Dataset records

= = =

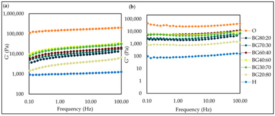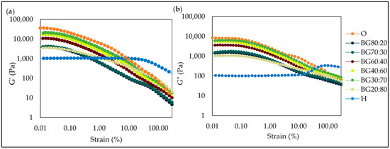 The amplitude sweep allows for the identification of the linear viscoelastic region (LVR), which corresponds to a region where the sample does not show a structural breakdown under the application of mechanical forces [46]. Figure 6 shows the amplitude sweeps of all BG and individual gels (O and H). Results showed that G′ was higher than G″ within LVR, indicating a predominantly elastic behavior. BG was formed in all ratios evaluated in this study, and the LVR was similar for all BG samples.
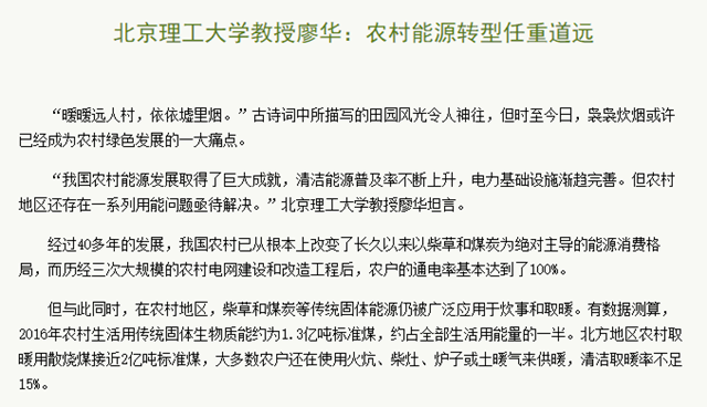 原文标题:北京理工大学教授廖华:农村能源转型任重道远
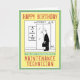 A birthday card with a cartoon of a man waiting for a lift or elevator. The buttons have Up, Down, and Lucky Dip as options. Ideal card for any Maintenance Technician.
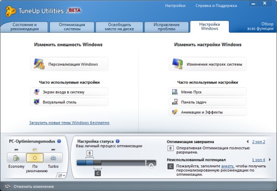 TuneUp Utilities предлагают Вам два новых метода оптимизации, которые гарантируют оптимальную работоспособность даже при высокой загруженности компьютера. В случае необходимости, быстродействие будет увеличено или ускорится процесс запуска программы.
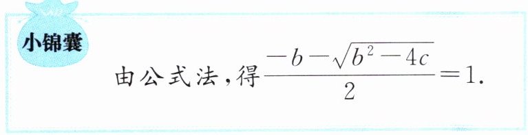 。小锦囊 由公式法,得$\frac{-b-\sqrt{b^{2}-4c}}{2}= 1$。
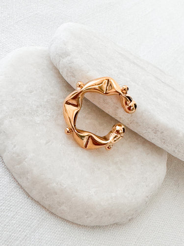 The Sculptura Ear Cuff is a bold, sculptural piece designed to elevate your ear stack. Featuring fluid, organic curves accented with polished bead details, it creates a statement look without the need for a piercing. Lightweight and comfortable, it’s a modern twist on everyday gold jewelry.

= = =

Work item
Output every line above exactly as it stands, and drop any picture.

Your response
 The amplitude sweep allows for the identification of the linear viscoelastic region (LVR), which corresponds to a region where the sample does not show a structural breakdown under the application of mechanical forces [46]. Figure 6 shows the amplitude sweeps of all BG and individual gels (O and H). Results showed that G′ was higher than G″ within LVR, indicating a predominantly elastic behavior. BG was formed in all ratios evaluated in this study, and the LVR was similar for all BG samples.
 原文标题:北京理工大学教授廖华:农村能源转型任重道远
 A birthday card with a cartoon of a man waiting for a lift or elevator. The buttons have Up, Down, and Lucky Dip as options. Ideal card for any Maintenance Technician.
 TuneUp Utilities предлагают Вам два новых метода оптимизации, которые гарантируют оптимальную работоспособность даже при высокой загруженности компьютера. В случае необходимости, быстродействие будет увеличено или ускорится процесс запуска программы.
 。小锦囊 由公式法,得$\frac{-b-\sqrt{b^{2}-4c}}{2}= 1$。
 The Sculptura Ear Cuff is a bold, sculptural piece designed to elevate your ear stack. Featuring fluid, organic curves accented with polished bead details, it creates a statement look without the need for a piercing. Lightweight and comfortable, it’s a modern twist on everyday gold jewelry.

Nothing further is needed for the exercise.